My name is Carlos Cobello. My very close friends and associates call me C.C. If I were to describe myself, I would say I am what the ancient Greeks called Anar Spoudogeloios—a calm, collected individual, not aloof, not hot-tempered, serious of visage and cheerful. I have served in my country’s foreign service; those who know this address me as Mr. Ambassador. As a leading member of the sugar bloc, I have, of course, been called a sugar baron. I have also been called a nationalist entrepreneur—a sobriquet I carefully nurtured and like very much. But my enemies—businessmen as well as ideologues—regard me as a predatory menace to Philippine society.
How do I begin this litany? Is this the time to do it? In my present mood of isolation and decay, crippled as I am, should I even try to put things down? A form of expiation, perhaps, or atonement, the recitation of a thousand mea culpas? And if I do it, which I know I must, should I be a slave to the rigid chronology of time or to some human conceit that will blot out everything self-deprecating? I know I have lived an interesting life, but will it be possible for me to relate this life interestingly?
Maybe I should begin by saying that I am dying—that is the most melodramatic way of starting it. They say that truth always sits on the lips of dying men. Crap! Hard-core liars lie to their last gasp, molding with apparent sincerity those fictions that they hope they can leave behind to gild, to veneer their lives of shame. I will not do this because, in truth, I have rarely lied in my life. Those who know me well, my dear Corito, my Angela, they can vouch not just for my honesty but also for my congenital decency.
I read Hamlet during the war and I have always believed:
This, above all, to thine own self be true;
And it must follow, as the night the day,
Thou canst not then be false to any man.
I agree completely. Never a lender be. Just borrow and borrow and borrow …

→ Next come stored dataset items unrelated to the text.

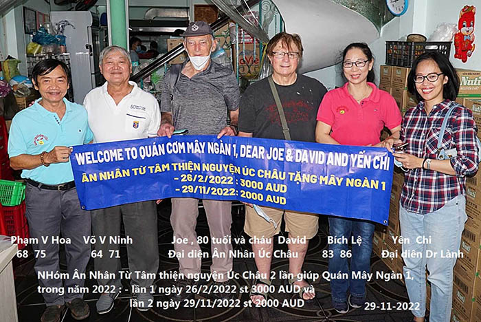 …… Đến Quán Cơm Thiện Nguyện Mây Ngàn 1 ( tên cũ QCNC7), Mái Ấm Bừng Sáng Q10 (nơi nuôi các trẻ khiếm thị), Gặp Hai Cháu Sinh Viên Y Khoa (Nhật Linh và Thu Hiền, con của trại viên Di Linh), Mái Ấm Mây Ngàn ( Tây Ninh, nơi săn sóc các trẻ mồ côi, những người già đơn chiết bệnh tật), Trại Phong Bến Sắn (Bình Dương), rồi trở lại Mái Ấm Bừng Sáng, sau khi đi bộ vòng các bệnh viện Sàigòn trong nhiều ngày rồi dừng chân tại Bệnh Viện Ung Bướu Gia Định, Bịnh Viện Từ Dũ, Bình Dân, một nổ lực lớn cho người vừa rời đông lạnh Sydney …
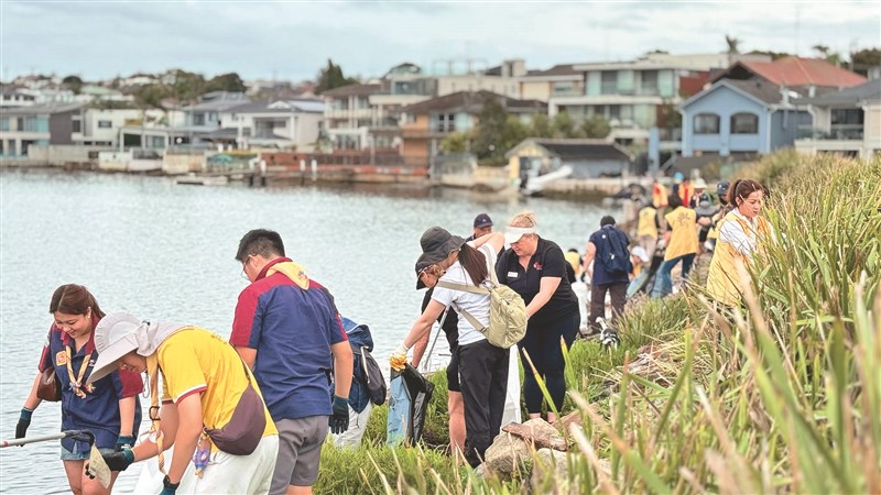 為響應「澳洲清潔日」並實踐佛光山開山祖師星雲大師「環保與心保」的理念,國際佛光會雪梨協會南一、光明、喜捨三個分會,聯同南雪梨佛光童軍團,3月1日於喬治河市的克萊登保護區舉行淨灘行動。活動有近70位佛光幹部、會員、童軍及家長熱烈響應,雪梨喬治河市長伊莉絲·博格(左5)亦親臨現場支持,眾人在短短3小時內清出近40袋垃圾,以實際行動守護社區的海岸生態。
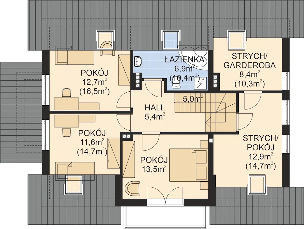 | 6. Strych / pokój | 12,90 (14,70) m² |

I have always known that I will not be able to take with me anything of the vestiges of power, the artifacts and the perks of affluence that I have amassed. History tells me Alexander the Great was buried with his hands outstretched and empty to show the world, half of which was then his dominion, that he could take not even a lump of soil with him. And so it is with me. What then can I truly keep? Not my hundred antique cars now rusting away in a field in Bulacan, not the millions in jewelry I have given Angela, Corito and my women. I always replied when asked what I amassed: what else but those ineffable memories that light up the dark recesses of the past. Memories, indeed, shining now like diamonds as I pick them up one by one to polish and to caress.
But Delfin—my son, my only son in whom reposes all my hopes, who bears in his tissues my primal genes—does not love me. Maybe, he hates me in a manner never explicit, engendered in his innermost core by his mother. Oh, Severina, forgive me. I was so young then, just as you were young, too. I loved and sinned. Forgive me.